By Kevin E. Noonan --
The first scene in the iconic dystopian 1985 sci-fi movie Brazil by Terry Gilliam (one of the Monty Python troop) is of a peaceful citizen being snatched from his comfy chair by jackbooted, black-clad members of a SWAT team, who unceremoniously stuff him into a body bag-restraint as they take him away. As a final insult, they leave something behind for his wife and family -- a bill, for the cost of taking him into custody.
This scene came to mind when a panel of the Federal Circuit held, on June 23rd of this year, that the provision of 35 U.S.C. § 145 (Civil Action to Obtain a Patent) providing that all expenses of the proceedings be borne by the plaintiff/appellant be construed to mean that a court can award attorney's fees to the Patent Office. This decision came as somewhat of a surprise to many at the time, and it seems to have raised eyebrows to a sufficient number of Federal Circuit judges that the Court today issued a per curiam, sua sponte order that the question be heard en banc. The order requests the parties submit briefs addressing this question:
Did the panel in NantKwest, Inc. v. Matal, 860 F.3d 1352 (Fed. Cir. 2017) correctly determine that 35 U.S.C. § 145's "[a]ll the expenses of the proceedings" provision authorizes an award of the United States Patent and Trademark Office's attorneys' fees?
Appellant's brief is due Monday, October 16th, and appellee's brief is due Tuesday, November 14th. Amicus briefs "will be entertained" on the question, without requiring consent of the parties or leave from the Court but subject to Fed. R. App. P. 29 and Federal Circuit Rule 29.
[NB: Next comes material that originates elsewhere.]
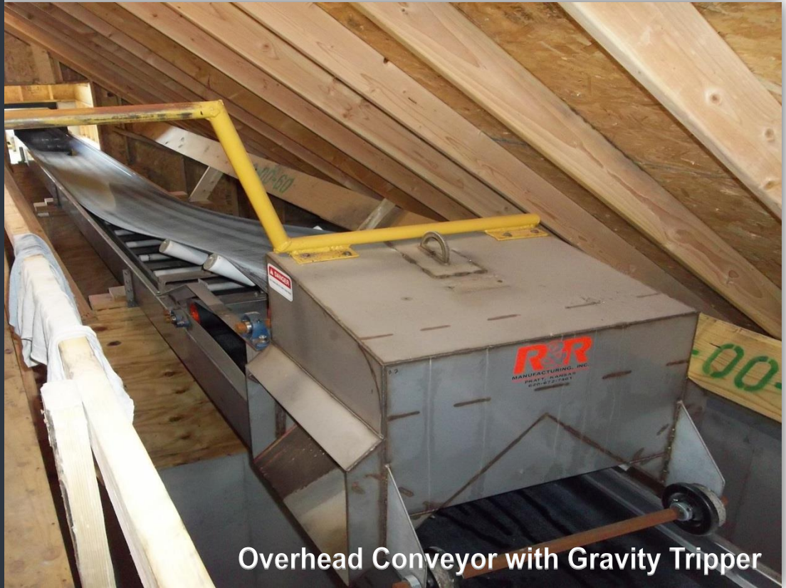
Overhead Conveyor with Gravity Tripper

I love, love, love your open. I will now follow this case, all because you mentioned Brazil.
Posted by: leslie | September 01, 2017 at 08:13 AM
I do hope the en banc Federal Circuit overturns the panel decision-giving the Federal government attorneys fees as "costs" for simply appealing is a gross miscarriage of justice.
Posted by: EG | September 01, 2017 at 09:05 AM
Not to comment on the specific "who pays for what" issue, but that movie was not a great analogy. A 35 U.S.C. § 145 civil action only occurs when the applicant voluntarily chooses to file such a suit before going to the Fed. Cir. on an appeal. In most cases to introduce evidence the applicant could have introduced ex parte with declarations and exhibits in the application prosecution, or in a continuation, that is now instead subject to cross-examination and rebuttal in a 145 action. Few 145 actions change the outcome.
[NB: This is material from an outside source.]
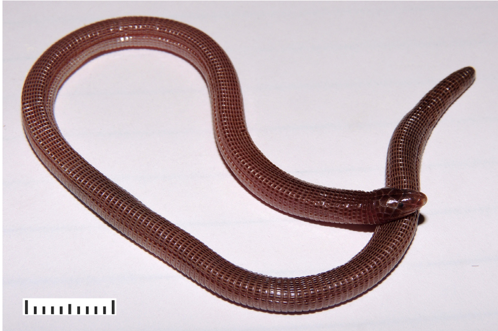
Figure 2. Amphisbaena barbouri from Cayo Galindo, the first offshore record of the species. Scale bar in millimeters.

Other new locality records from this work are indicated by numbers in Fig. 1. MAYABEQUE Province. Santa Cruz del Norte Municipality: (1) Peñón del Fraile (23.1487, -81.8650) and (2) Loma de Canasí (23.1443, -81.7735). MATANZAS Province. Varadero Municipality: (3) "Varahicacos" Protected Landscape (23.1961, -81.1552).

Posted by: Paul F. Morgan | September 01, 2017 at 09:13 AM
Paul: no analogy is perfect, of course, but unless the PTO goes the way of the FDA (which would be bad for innovation, no?) it seems unfair to make an applicant pay government attorneys' fees. Just my opinion
Posted by: Kevin E. Noonan | September 02, 2017 at 06:09 PM
Dealing a with a case right now in which the examiner doesn't understand the difference between a Fe (II) salt and a Fe (III) salt - the sort of thing a high school chemistry student is expected to know. It's bad enough that we need to spend thousands of dollars educating the examiner because the PTO doesn't know how to hire technically competent people. But to then add the PTO's attorney fees should this thing eventually go to court via 145? Are you kidding me?
Posted by: Atari Man | September 03, 2017 at 12:29 AM
Dr. Noonan,
Is this a question of "fairness" or is this a question of the law?
As I am sure that you are aware, the two are not always the same.
As to whether THIS court has the authority to rewrite the law, solely as a matter of "fairness,"...
well, call me:
Posted by: skeptical | September 03, 2017 at 10:09 AM
Well, Skep, as I understand it the issue is whether the law is interpreted to include attorneys fees (which is a new interpretation). There was no hint here of anything other than an applicant availing herself of the opportunity to have review of the administrative agency's decision.Insofar as policy goes fairness should be a part of that analysis (at least insofar as inventors that are not big companies are concerned).